Finch moved for judgment of acquittal after the State rested its case, arguing that the varying test results obtained on the Intoxilyzer 5000 created reasonable doubt. The district judge expressed concern about the officer's testimony, saying:

"Well, first, [the officer's] testimony to me seems inconsistent, and you can explain it if you want, with his testimony that the ... Kansas Department of Revenue allows a variation between .073 and .087 in the known sample.
....
"And the known sample is ... what's used to compare the unknown sample, and that's a .014, 14 one-hundredths variation. I don't understand how anything ... below .087 can be said to be .080 beyond a reasonable doubt, and so you can explain to me how—I mean I think [the officer's] testimony is inconsistent when he says there is no margin of error. Unfortunately, I'm also tainted by the fact I had a chemist testify in a trial ... that there is in fact that variation in the Intoxilyzer 5000."

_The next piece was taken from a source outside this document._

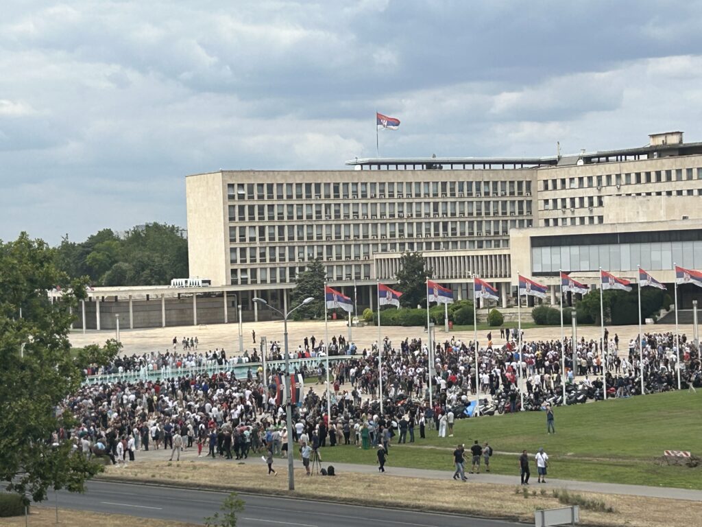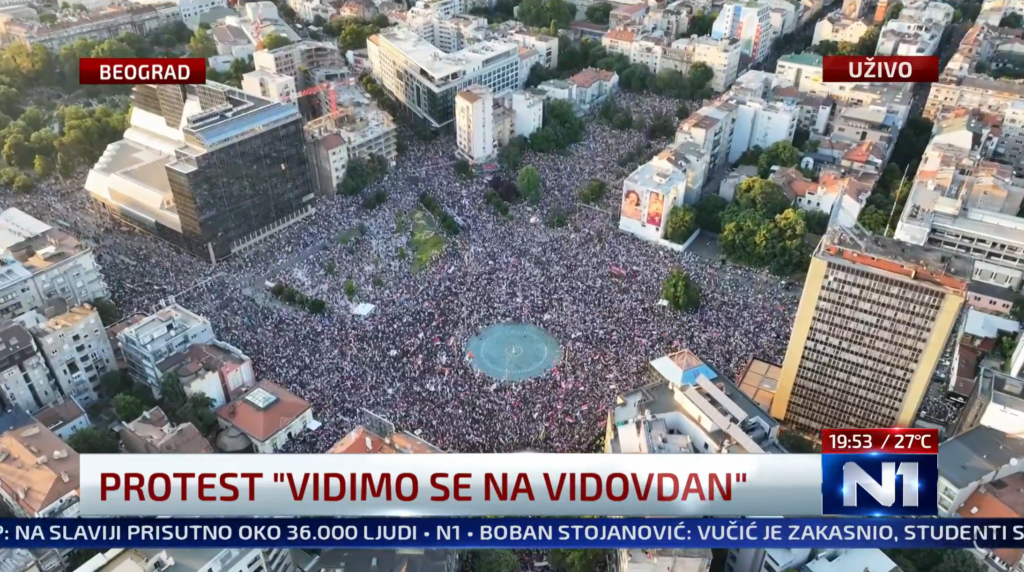 Na Trgu Slavija u Beogradu juče je održan protest pod nazivom "Vidimo se na Vidovdan" koji su organizovali studenti u blokadi. Skup je trajao tri sata, a fokus skupa je bilo ispunjavanje dva zahteva koja su tražili da budu ispuinjeni do 21 sat - raspisivanje vanrednih parlamentarnih izbora i uklanjanje šatorskog naselja u Pionirskom parku.

The State responded, and then the judge and counsel further discussed the Intoxilyzer 5000:

"[THE STATE]: ... [The officer] testified that the known sample is, the tubes aren't heated so that it can allow that tolerance, so that it's an accurate test, and that it's different when a person gives a test because the breath is warmed up and what not, and I think he did a good job of explaining that inconsistency between the known sample and then an actual human test. He testified for several minutes over that.

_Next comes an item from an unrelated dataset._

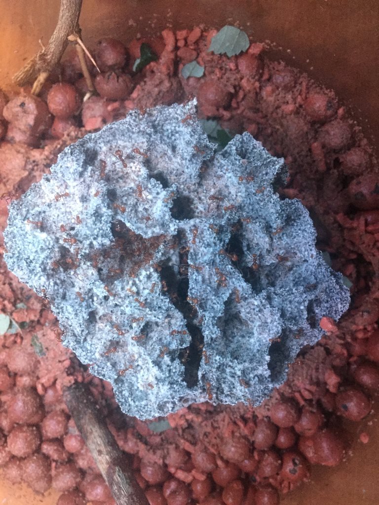 Inzwischen ist es eine tolle und sehr aktive Kolonie geworden. Sie haben in zwei Becken ihre Pilzgärten. Eines ist randvoll, das zweite wird immer voller und dürfte zeitnah ebenfalls nicht mehr ausreichen. Insgesamt dürften es derzeit ca. 35 Liter Pilzvolumen sein (evtl. sind es auch schon 40 l) und ich bin dabei die nächsten beiden Pilzbecken zu bauen…

"THE COURT: But they heat the known sample, it's got to be a certain temperature.
"[THE STATE]: Right, but he said there [are] variances in the known sample that can cause that variance, that's not present when they do the human sample, and he testified that there is no margin of error, and I think because we have that testimony in front of the jury there is enough to submit it to the jury for them to make a finding. They can decide if it's—if it hasn't risen to the level of reasonable doubt, or not, beyond a reasonable doubt or not, but I think that we've gotten past this point.

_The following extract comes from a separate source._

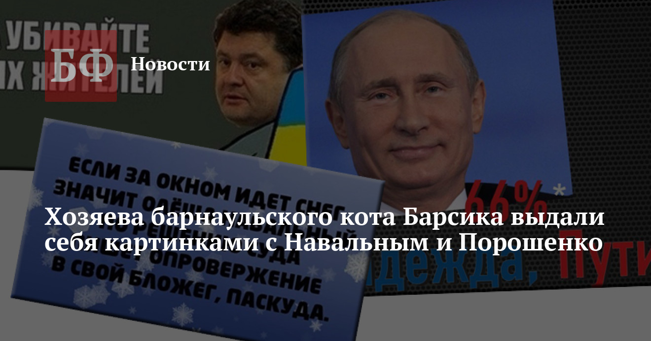 Политический окрас «хозяев» Барсика можно проследить по контенту страницы Алтайского Сеятеля. Созданный еще в 2012 году, задолго до появления мемичного кота, Сеятель методично публиковал картинки и фото с определенным и однозначным содержанием. Например, про то, что оппозиционер Алексей Навальный — «паскуда и клеветник», президент Украины Петр Порошенко дает приказы «убивать мирных жителей», а политики Геннадий и Дмитрий Гудковы «скучают по США». При этом среди постов Сеятеля есть и картинка с портретом улыбающегося президента Владимира Путина и подписью «Вера. Надежда. Путин».

"[DEFENSE COUNSEL]: I think he also testified that every solution tests differently, so again when he was talking about the warm breath, every solution then is going to be a little different, and when it's this close, how in the world can you get to where we need to go.
"THE COURT: I don't think it makes sense, and frankly it's my belief that anything under .087, you cannot say beyond a reasonable doubt that it is—
"[THE STATE]: Those facts may or may not be true, but they're not before this jury and before the Court on this case.
"THE COURT: So we let them decide something that's on incorrect evidence that we know is incorrect?
"[THE STATE]: Well, I think we have to submit the case on the evidence that's been presented in this case, not evidence that's been presented .... in any other case ever. We don't have any evidence in this case that that's inaccurate or that there is a margin of error.
"THE COURT: Well, yeah, there is evidence, there is evidence—
"[THE STATE]: Not in this case.
"THE COURT:—there is evidence as the known sample—
"[DEFENSE COUNSEL]: Well, there is evidence that every time they tested, it came out different when they're doing the tests back to back.
"THE COURT: Yeah, which is .02.
"[THE STATE]: Well, but [the officer] testified as to why that happens. He did present that testimony as to why that happens with the known sample and not with the human sample.
"[DEFENSE COUNSEL]: Well, because every solution tests differently, which doesn't make a lot of sense.
"[THE STATE]: Every, every solution is different than any other solution.
"THE COURT: I know [the officer] is wrong. I cannot let that go to the jury knowing it's wrong. I am going to grant the motion for directed verdict."